TASK TO CARRY OUT:
Only the lines from the one that includes "We arrived at" through the last line below belong in the reply, copied exactly and without pictures.

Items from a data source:
:::::

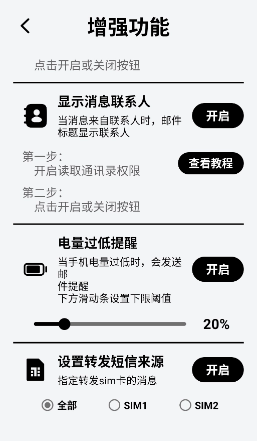 通过“增强功能”,你可以设置关键词过滤、定时转发等个性化规则。
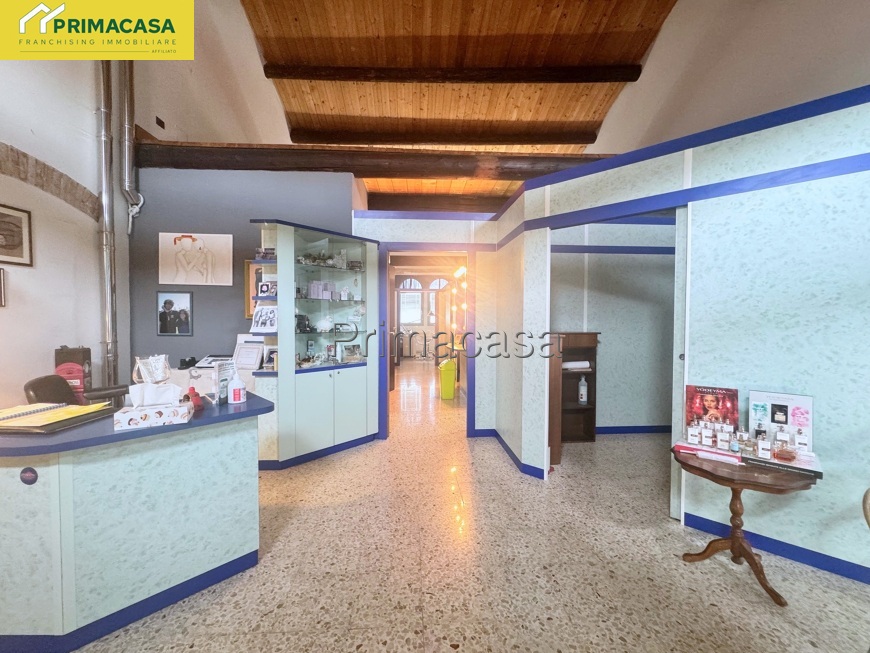 In pieno centro di Cerea, a fianco la Chiesa principale con comodo parcheggio gratuito, pubblico frontale, proponiamo negozi su 2 livelli, ristrutturati con grande cura e scelta dei materiali, attualmente adibiti a studio di podologia ed a centro estetico.
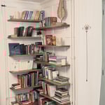 Die Konsolenwinkel sind in das Holz eingefräst und zusätzlich mit einem Seitenholz befestigt, somit erscheinen diese als schwebende Tablare. Diese sind auf Mass angepasst und zweimal mit Bio Bienenwachs versiegelt.
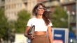 MILAN, ITALY - SEPTEMBER 18: Carlotta Rubaltelli wears fringed and glitter glasses, a white cropped t-shirt, a bag, brown pants, shoes, outside the Alberta Ferretti show during Milan Fashion Week Spring/Summer 2020 on September 18, 2019 in Milan, Italy. (Footage by Edward Berthelot/Getty Images)
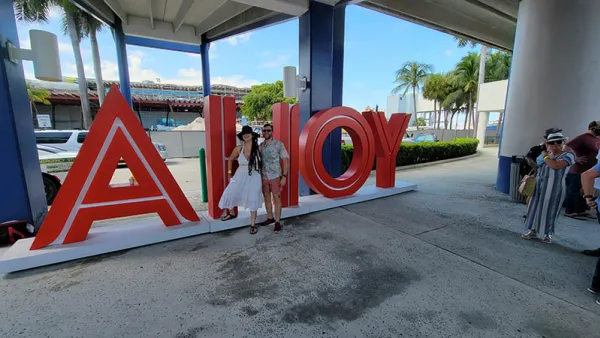 We arrived at PortMiami to find a long line of people waiting for the first stage of embarkation: COVID testing. While in line we registered on a website for the test ahead of us. Fortunately, the long line was in the shade and moved reasonably quickly. This was briefly broken up by a nice photo-op.
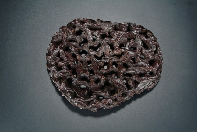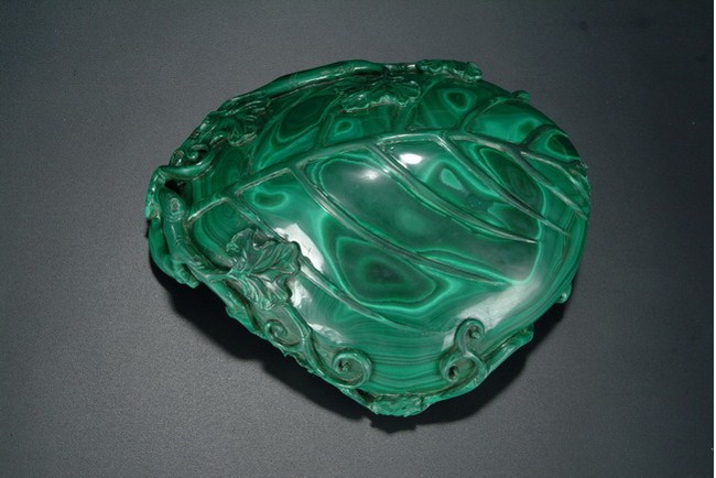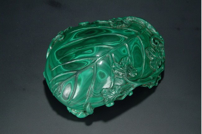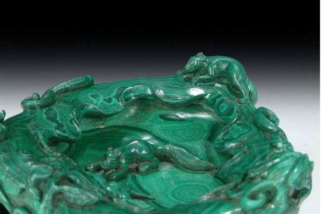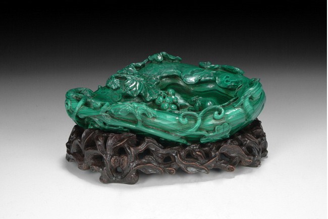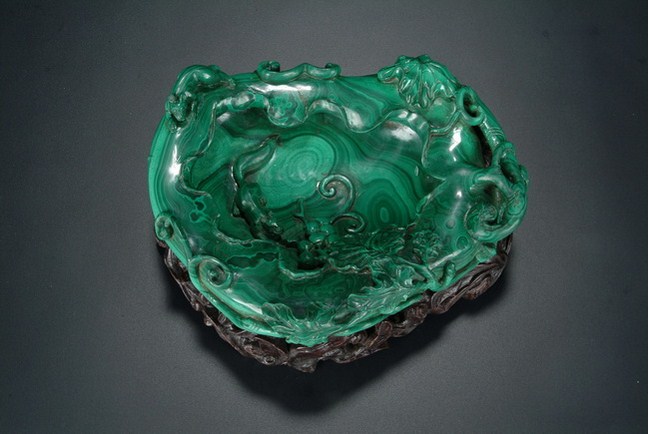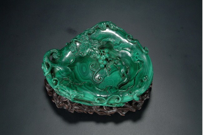 A well carved malachite brush washer depicting grapes, vine, and squirrels, complete with well carved naturalistic hardwood base. Republic period.

:::::

ANSWER SECTION:
 We arrived at PortMiami to find a long line of people waiting for the first stage of embarkation: COVID testing. While in line we registered on a website for the test ahead of us. Fortunately, the long line was in the shade and moved reasonably quickly. This was briefly broken up by a nice photo-op.
 A well carved malachite brush washer depicting grapes, vine, and squirrels, complete with well carved naturalistic hardwood base. Republic period.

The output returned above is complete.